For this purpose, around 14 subjects were analyzed. Apart from assessing the body mass index (BMI) of the subjects, the experts were also believed to have strapped them with armbands to monitor their movements for about 23 days. This armband was believed to gauge the wearer’s body and ambient temperatures, energy expenditure and the total sleep time and quality.
After the completion of this analysis it was evidently discovered that the subjects with a higher BMI may have relatively used more energy as compared to the remaining subjects. It was seemingly also noted that days of low activity may possibly increase TST by about 42 minutes a night.
Dr. Eliasson says that, “It has long been recommended, even championed, that getting exercise is part of the recipe for improved sleep. Our data doesn’t support that notion. The longest sleep and best sleep efficiency occurred after days with low non-exercise exertion. Similarly, we expected that better-rested subjects would be more inclined to get exercise or have busier days. However, better-rested subjects got less exercise and had less calorie expenditure. After relatively more sleep, more than six hours, all measures of exertion decreased.”
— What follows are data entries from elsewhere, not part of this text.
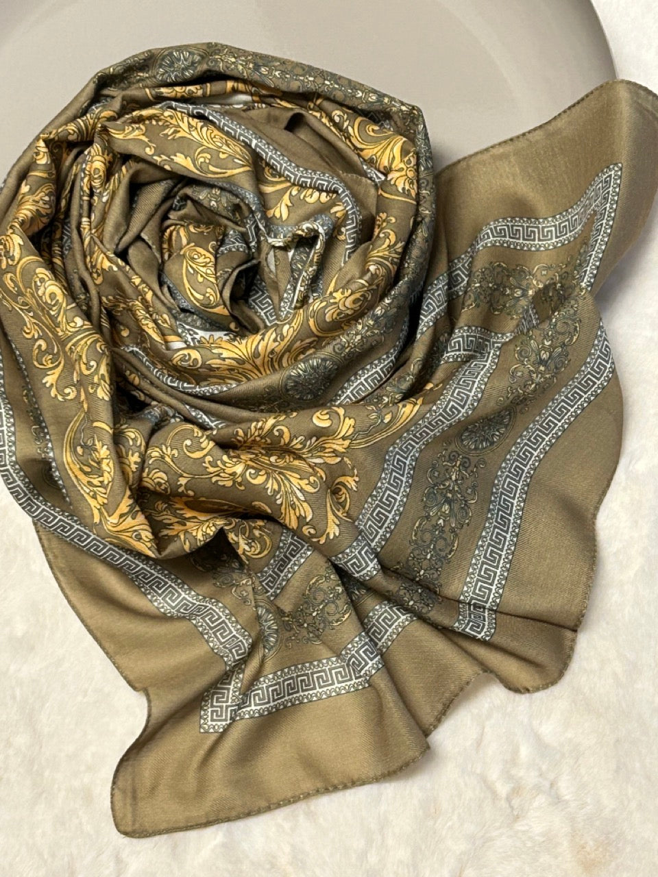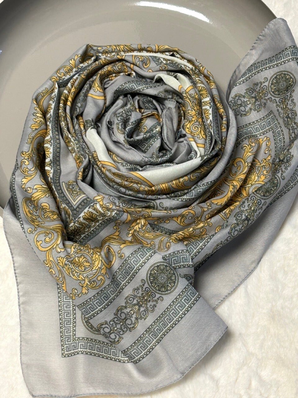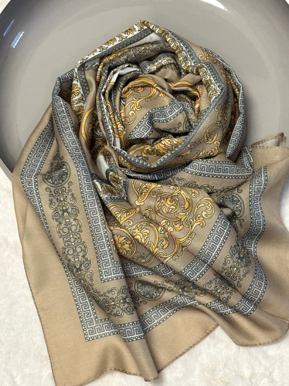Dieser elegante Schal in Barock Optik verbindet Komfort mit luxuriösem Glanz. Mit seinen großzügigen Maßen von 75 x 190 cm bietet er vielseitige Trageoptionen – ob als modisches Accessoire um den Hals, als stilvolles Kopftuch oder als geschmackvolle Ergänzung zu verschiedenen Outfits.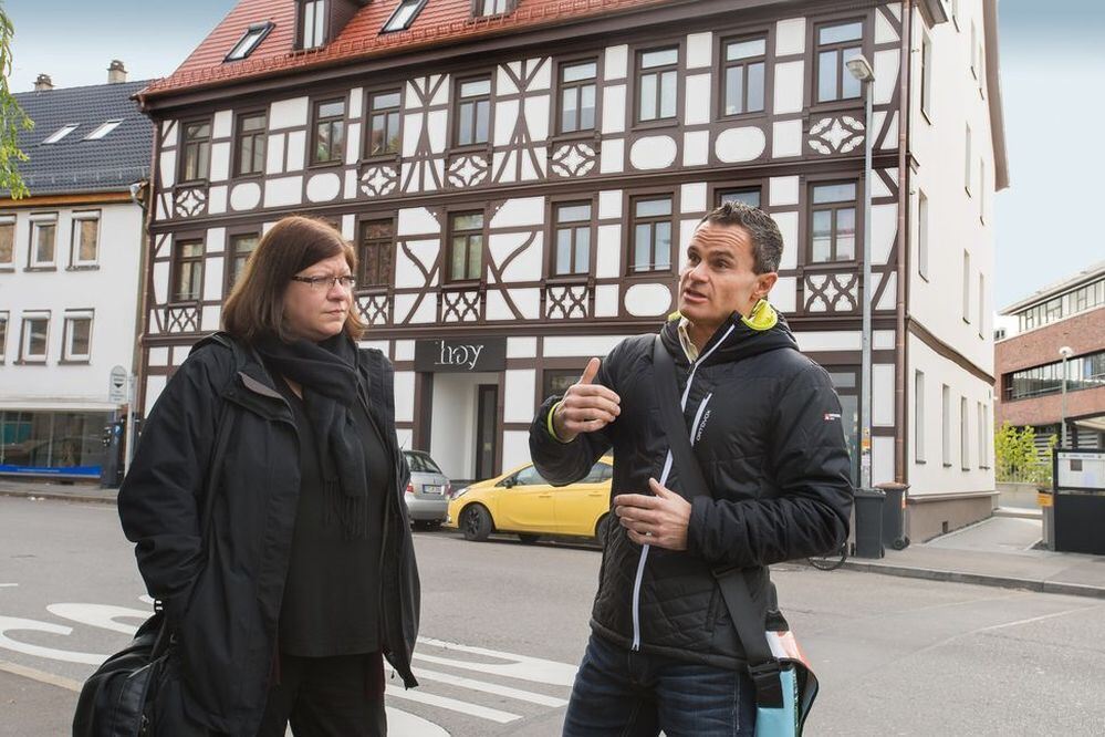 Für die Denkmalschützer Simone Wolfrum und Markus Ruopp ist die Sanierung des Gebäudes Albstraße 20 ein Beispiel für die gute Zusammenarbeit von Investoren und Behörden. FOTO: TRINKHAUS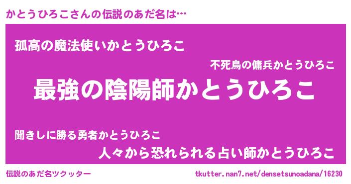| ファンタジー風あだ名 | 『エターナルカトウヒロコー』 |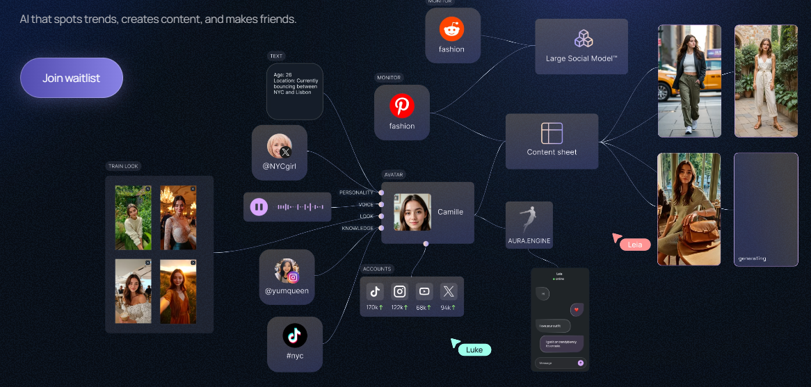 GEN is an AI engine that spots trends, creates content, and makes friends, providing an architecture for AI influence and an engine for cultural resonance. It delivers a seamless system that makes storytelling effortless, unlocking your true influence. Users can forge digital beings by designing unique looks, evolving personalities, and deep narratives for AI characters, then register their unique IP. With smart workflows, GEN scales content generation and scheduling to produce weeks of scroll‑stopping posts in minutes. Its Vibe‑Check feature creates live replicants of target audiences at scale for rapid user and market research, while its niche‑tracking tools instantly identify and align with top‑performing formats and sounds via a large social model. The integrated AURA Engine empowers AI agents to handle replies, DMs, and comments at scale, building genuine connections and driving engagement.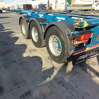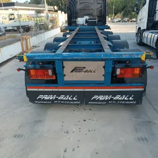 Semirremolque portacontenedor diseñado para contenedores de 20 pies. Cuenta con una estructura robusta y un diseño funcional. - Marca: Prim-Ball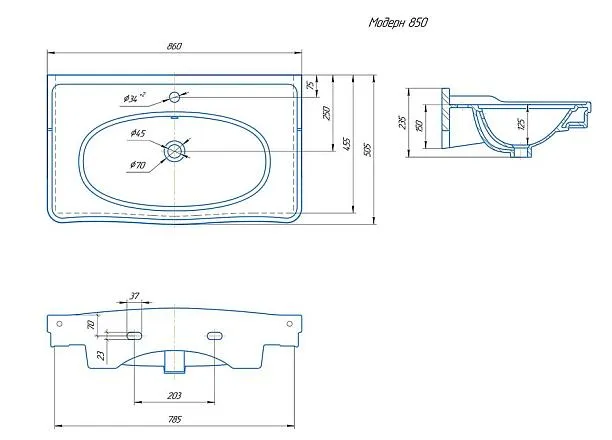 Характеристики товара Раковина Kirovit Модерн 85 белый 4640021065891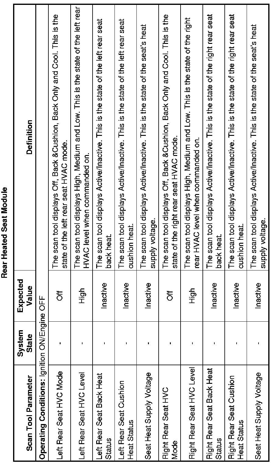 Rear Seat Heater Control Module Scan Tool Information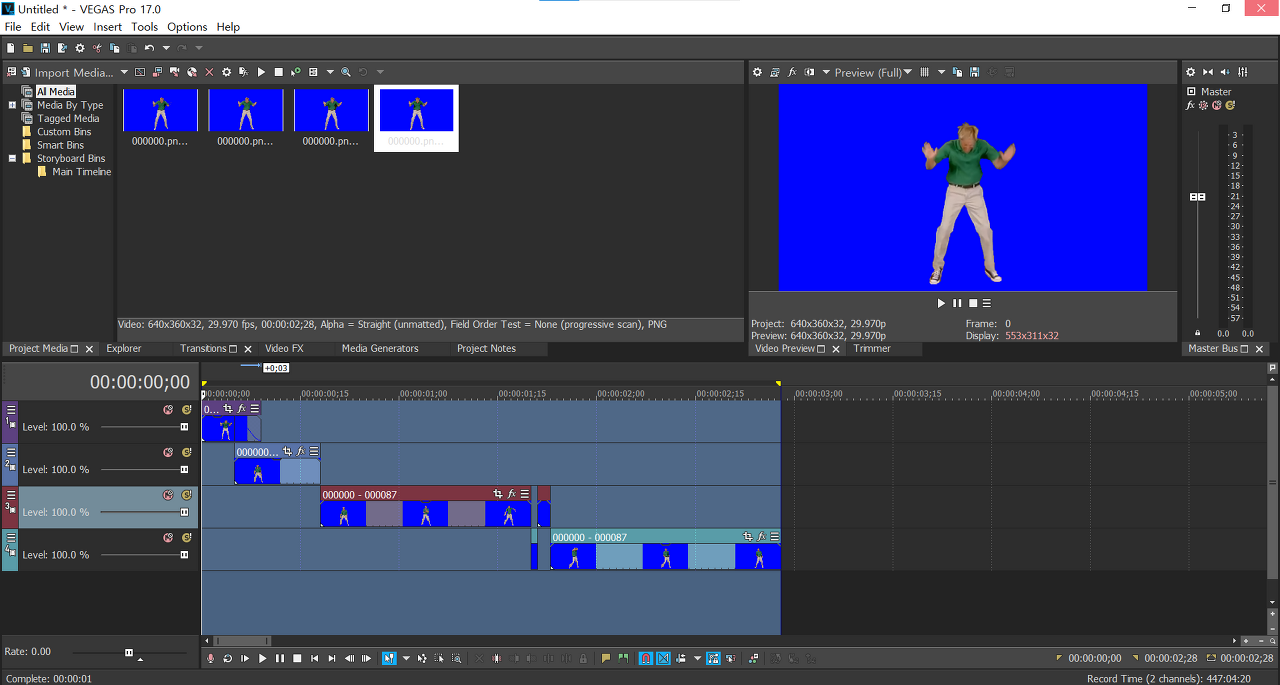 만약 위와 같이 렌더링을 한다면 결과물은 그렇게 좋지 못할 겁니다. 왜냐하면 이 프로그램이 팔의 뒷부분 같이 안 보이는 부분에 대해서 BB를 생성하진 못하기 때문입니다. 그래서 저는 다른 프레임을 몇개 더 선택해서 여러개의 결과물을 만든 다음, 베가스에서 그걸 합쳤습니다.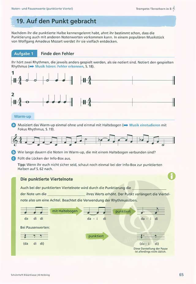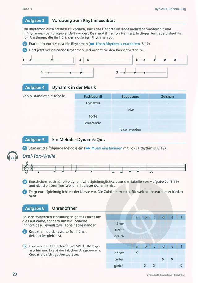 Die Schülerhefte enthalten das didaktisch aufbereitete Material eingeteilt in Lektionen, die durch das gesamte Schuljahr führen. Hier findet sich nicht nur das binnendifferenzierte Notenmaterial für jedes Instrument in Transposition und Lage sondern auch vielfältige und handlungsorientierte Aufgabenstellungen zu Hör- und Rhythmusschulung, Improvisation, Musiklehre u.v.m. Daneben sorgen motivierende, das Thema vertiefende Spielideen für eine Auflockerung des Unterrichts und Spaß am gemeinsamen Musizieren. Die grafisch ansprechend aufbereiteten Seiten machen das Lernen in der Bläserklasse zu einem Vergnügen!

The experts have elucidated that different personality types may be responsible for these changes. Type A personalities characterized by high activity and ambitiousness during the day may be more restless during the night. Quite contrary to this Type B personalities characterized by less active and laid-back people may find it easier to fall asleep at night.
These findings were presented at the Associated Professional Sleep Societies’ annual meeting in Illinois.